How to Maintain building?
RSSLLP recommends that you follow our simple maintenance recommendations for steel buildings. By doing so, you will enhance the life of your investment. Frequency of maintenance is dependent upon the environmental zone in which the building is located.
Safety Notes for Roof maintenance
- Extreme caution should be exercised when working on roofs.
- Professional maintenance staff shall be used for maintenance works.
- Access ladders shall reach at least one meter above the step off point.
- Ladders shall be secured to the building, and shall be on a firm base.
- Do not step on skylights.
- When walking on the roof, step in the valleys of the panel, not on the ribs.
- Whenever possible, walk on the purlin line, (screw line).
- Areas of roof subject to frequent access shall be protected by temporary or permanent walkways.
Exterior Maintenance Procedure
- Preventive maintenance shall commence immediately after a project is erected or modified.
- Debris and small items such as screws, pop rivets, drill bits, or any ferrous objects shall be removed by sweeping with a soft nylon brush. Large items such as sheet metal cut-off shall be removed by hand to avoid damaging the surface of the roof panels. Such debris shall be removed after any trade, (e.g. electricians, plumbers, air conditioning technicians and steel erectors) has worked on the roof.
- Sand and dust retain salt and moisture, which will eventually breakdown the paint and zinc layers, resulting in corrosion of the base metal. Sand and dust shall be removed by washing with clean potable water and a soft nylon brush, working from the highest point to the lowest, followed by a final rinse using a hose and clean potable water.
- The most vulnerable areas of the building are gutters, roof sheets, sheltered areas under eaves or canopies, and upper portions of walls or roof extensions.

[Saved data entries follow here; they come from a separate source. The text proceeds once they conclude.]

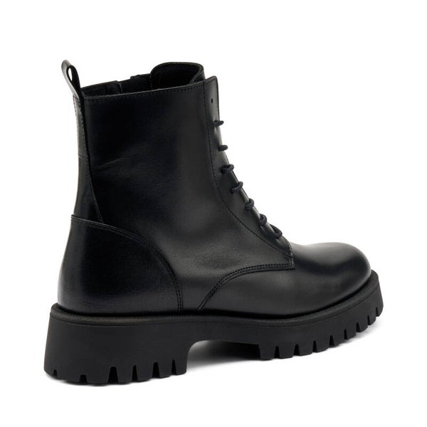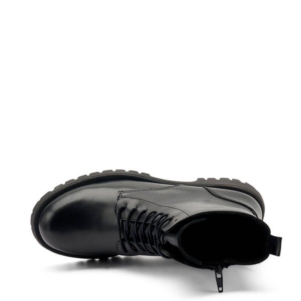 - Tomaia in morbida pelle con lacci in tinta e zip laterale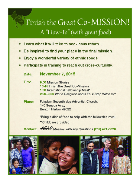 ASAP Ministries presents Finish the Great Co-MISSION! on November 7, 2015 at the Fairplain Seventh-day Adventist Church (140 Seneca Ave, Benton Harbor). Learn what it will take to see Jesus return. Be inspired to find your place in the final mission. Enjoy an international fellowship meal and an afternoon training in cross-cultural ministry with Pastor Scott Griswold.  Programs start at 9:30, 10:45, and 2:00.  For more information, download the poster below or contact ASAP Ministries at 269-471-3026 or office@asapministries.org.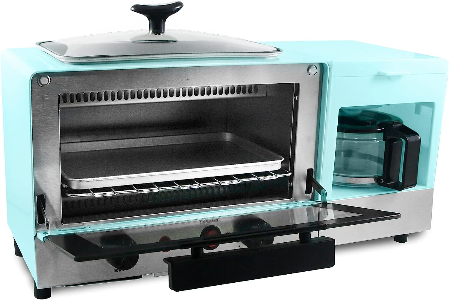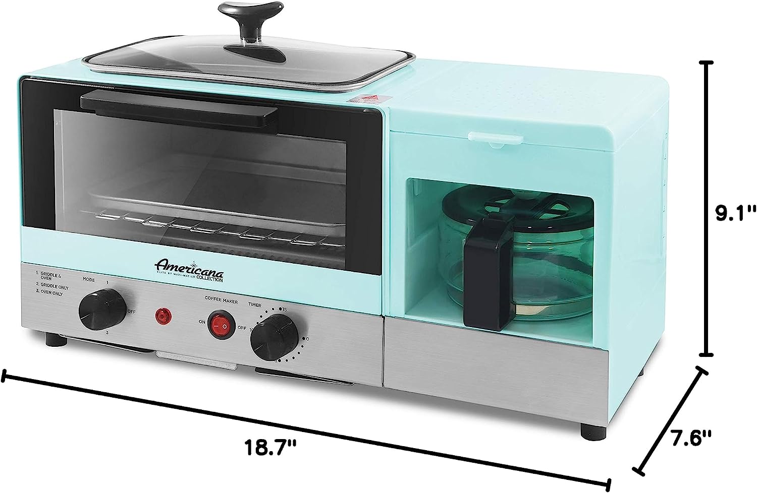Elite Gourmet Americana 2 Slice. 9.5″ Griddle with Glass Lid 3-in-1 Breakfast Center Station. 4-Cup Coffeemaker. Toaster Oven with 15-Min Timer. Heat Selector Mode. Blue. (EBK8810BL)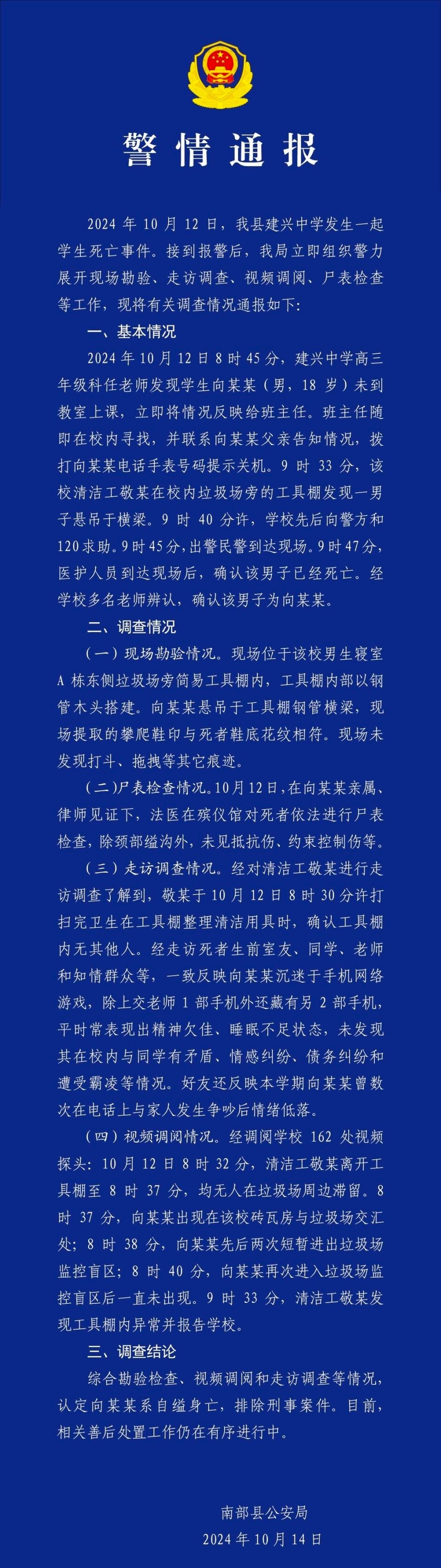 10月14日,四川南部县公安局发布警情通报:2024年10月12日,我县建兴中学发生一起学生死亡事件。综合勘验检查、视频调阅和走访调查等情况,认定学生向某某系自缢身亡,排除刑事案件。目前,相关善后处置工作仍在有序进行中。

- For buildings located in high pollution industrial areas, or close to marine environments, water alone may not be sufficient to remove saline deposits that have become encrusted on the panels. In such cases, a mild detergent should be added to the initial washing water. Panels shall be washed with the mild detergent solution and a soft nylon brush. A final rinse with clean potable water should follow. Oil, grease, tar, wax, or similar substances can be removed with mineral spirits, followed by a detergent solution and a clean potable water rinse.
- Do not use caustic or abrasive cleaners, they may damage the paint and zinc layers.
- Ground level shall be maintained at least 150 mm below the base of the wall panel.
- Accumulations of wind blown sand shall be removed. Plants and shrubs surrounding the building shall not touch the wall panel; they may scratch the painted panels.
- Eave gutters and valley gutters shall be thoroughly cleaned with a mild detergent solution and a soft nylon brush, followed by a rinse of clean potable water.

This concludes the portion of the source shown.